PS/2 was a fascinating business mess. IBM never had the perception of the computer becoming a commodity and laughed at the clones while producing a system that was superior but did not care about compatibility.

It seems that compatibility (and price) always wins over better OS design and hardware, at least with proprietary software. IBM always had the elitist vision of the computer being an expensive backroom cabinet with them being the key provider of solutions. They rejected a multicorp dominant, distributed computing world until it became reality. At that point, they were just another mediocre player in that area. If IBM did not try to build their typical cathedral with PS/2 it would be a major platform today.

Service Manager 9

>ibm is a dead company
t. retard

AIX, mainframes.

IBM is also focused more on Software more these days, but you probably don't hear of it since most of you are NEETs.

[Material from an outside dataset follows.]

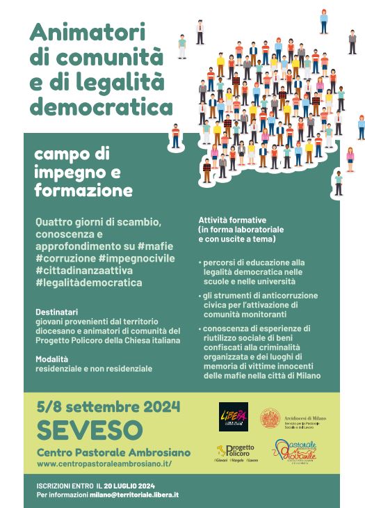 Dal 5 all’8 settembre 2024, presso il Centro pastorale ambrosiano di Seveso (MB), si svolgeranno quattro giorni di scambio, conoscenza e approfondimento su mafie, corruzione, impegno civile, cittadinanza attiva, legalità democratica. Iscrizioni fino al 20 luglio.

>>they're more successful than ever
They literally reported their first quarter of growth in six years in January of this year.

Haven't seen that one yet.
Don't forget about OS/400, it still has a small but solid user-base.

There will be a OS written in Js before the next decade is out.

CVS senior IT analyst here, this is correct. almost all CVS POS registers are IBM or joint IBM-Toshiba systems. our mainframes are proprietary Toshiba/IBM SMART systems

An OS is worthless unless you get driver support from all major manufacturers

Can you come up with a OS that's just as simple to use as windows and still having some advantage/difference over it?